Hacker News new | past | comments | ask | show | jobs | submit login
Ws4sqlite: Query SQLite via HTTP (github.com/proofrock)
132 points by thunderbong on March 11, 2022 | hide | past | favorite | 41 comments



Interesting! We tunnel SQLite over JSON in the Notion iOS/Android/Mac/Windows apps, and the interface presented here looks pretty similar to our second iteration. Here’s the things I think are missing:

- Precondition. One or more statements to run to check if the transaction body can proceed. We use this to check pragma user_version which we use to mark schema version level. Prevents old processes from writing to the DB once another process has started a forward migration. You can also use it to assert about transaction state or disk space remaining.

- Userspace transaction batching. We found some use-cases (like as part of migrations) where we want to control transactions explicitly. Forcing each batch into a transaction is a good default, but ideally the JSON api doesn’t restrict any DB semantics.

- Websockets! I thought “ws” could mean websocket but web server is fine too. Websockets work better for our low latency local-only connection use case, and have a more traditional socket-pool vibe. They also avoid retransmitting headers etc, and can allow the server to better understand client “sessions”.
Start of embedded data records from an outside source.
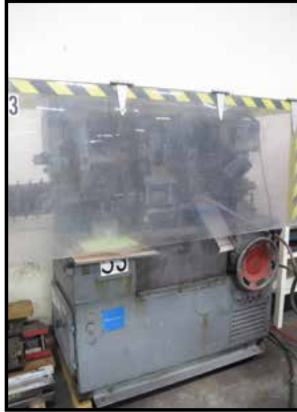
TORRINGTON VERTI SLIDE 4 SLIDE MACHINE,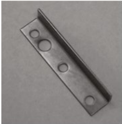
Parking brake bracket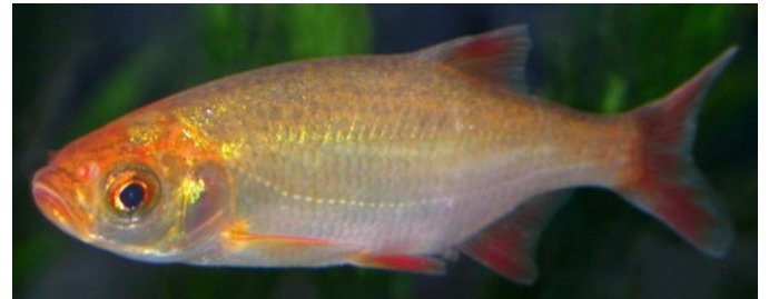
Figure 1. Rudd ( Scardinius erythrophthalmus ).

Rudd have mostly been spread by illegal stocking to create coarse fisheries, while goldfish are often introduced to waterbodies from disposal of aquarium fish. Catfish can be spread by becoming entangled in fishing nets, and also on boats and trailers. All species may disperse downstream or to floodplain habitats during floods.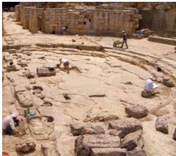
Subsurface investigations at Cyrene, Libya.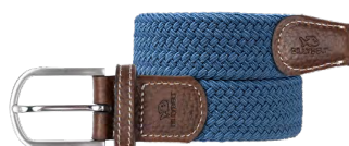
CM01 Air force blue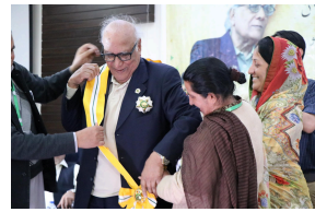
AKRSP AND AKF(PAK) ORGANIZE AN LSO CONVENTION IN GILGIT P.3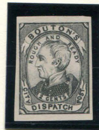
FIRST REPRINT HUSSEY 2c BLACK TYPE I (18L1) TRANSFER 7

A full sheet of eighty-four reprint stamps is included on the following page. Each row of twelve represents a different transfer type, starting with 1 at the top, and 7 at the bottom.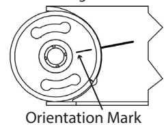
Figure 1. (Wide) Bushing Orientation Draw Reference Line on Beam Before Bushing is Removed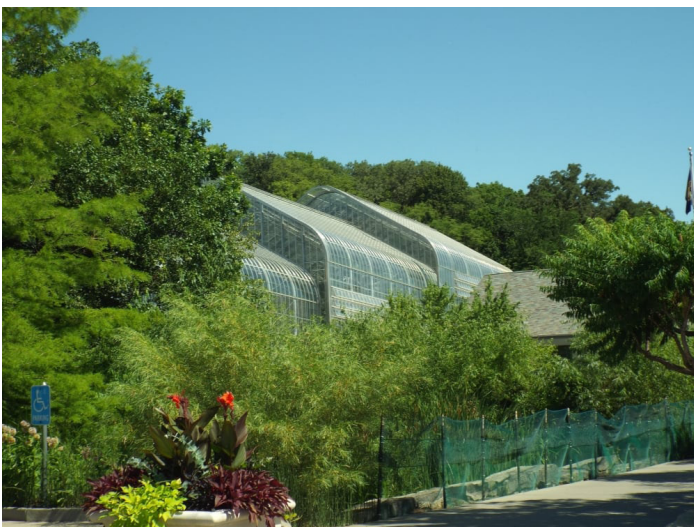
Lauritzen Gardens, Omaha, NE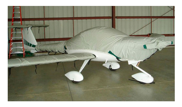
Diamond DA-20 Canopy/Engine Cover (Travel Weight), Prop DA-20 Canopy/Engine, Prop/Spinner, Wing, Tailboom, Horiz. Stab. Cover Covers

- Extensions. I guess portability is a fine goal, but there’s so much great stuff in the extensions. Full text search, JSON support (although the latest version mainlined it), bulk data load. The main one for us is JSON.
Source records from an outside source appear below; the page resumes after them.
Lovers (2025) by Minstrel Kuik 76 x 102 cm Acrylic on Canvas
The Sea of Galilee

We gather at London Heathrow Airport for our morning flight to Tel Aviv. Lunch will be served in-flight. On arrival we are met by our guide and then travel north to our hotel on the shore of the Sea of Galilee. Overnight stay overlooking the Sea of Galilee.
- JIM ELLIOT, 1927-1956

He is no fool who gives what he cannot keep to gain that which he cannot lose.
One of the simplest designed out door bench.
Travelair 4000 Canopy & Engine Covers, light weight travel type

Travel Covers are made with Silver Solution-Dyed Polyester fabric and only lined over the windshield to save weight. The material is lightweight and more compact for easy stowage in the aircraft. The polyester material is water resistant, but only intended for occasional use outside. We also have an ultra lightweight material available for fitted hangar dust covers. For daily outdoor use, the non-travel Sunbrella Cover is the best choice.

Thanks for the comment. Some great points here.

- Precondition: this is a goal, once I find a good balance between allowing to do things and not to reinvent a scripting language. But yes, it's on the roadmap.

- Userspace transaction batching: interesting. I don't feel comfortable about letting a transaction "escape" the request, I don't want to introduce timeouts, sessions or such. Could you state an use case? This could be a goal.

- Uh, websockets are promising. Thanks!

- Extension: basically, the point here is that Go doesn't allow for a "clean" cross-distribution compilation if I enable them, and I cannot chase all the possible glibc configurations. But it's an open point for sure.

Isn't JSON included in the "main trunk" now?


Here's our precondition, it expects a single row with precondition_result to be 0/1. You could add an error reporting string column to the return type, but that's about all we needed. Very basic:

    SELECT
     CASE user_version
     WHEN ${schema.pragmas.user_version} THEN 1
     ELSE 0 END AS precondition_result
     FROM pragma_user_version() LIMIT 1
On extensions: Yes, JSON is included in trunk. Is the latest trunk included in your build? Or are you linking against the platform's sqlite3? At least for the built-in extensions, you can pre-build an amalgamation .c file that contains all the first-party extensions with `make sqlite3.c` and a few env vars. But maybe you're using a pre-built dependency ¯\_(ツ)_/¯.

One extension we like is LIMIT for update/delete. I believe (at least in the version of SQLite we build with), that we need to enable that one when producing the amalgamation.

On userspace transaction batching: our usecase is internal inside an app. When we built the second version of our SQLite bridge, we were replacing a safe but very rigid API, so we decided to build something with as few limitations as possible. The main use-case today is batching multiple transactions into a single IPC message/JSON request object. But, for our platforms, there's exactly 1 client of the JSON bridge at a time, and we know out of band if that client dies or resets -- so we can terminate hanging transactions appropriately. You could also add an assertion that a batch never leaves a transaction open.

For an HTTP use-case, perhaps not a great idea because of multiple clients, sessions, etc. Maybe something to consider for the web socket API, which would give you a protocol session concept to reason with.


Sorry, forgot to comment: SQLite is currently 3.38.0, see https://github.com/mattn/go-sqlite3/blob/master/sqlite3-bind... I don't package it directly, but via the go bindings by mattn (go-sqlite3).


thanks for your comments, really interesting. I'll come back to this post for ideas ;-). I like the precondition, maybe I'd like to structure it so that it passes when 1+ rows are returned and fails if 0 rows... should be equivalent and doesn't make any assumption on rows _and_ columns being there... but I'll think about it. Thank you again!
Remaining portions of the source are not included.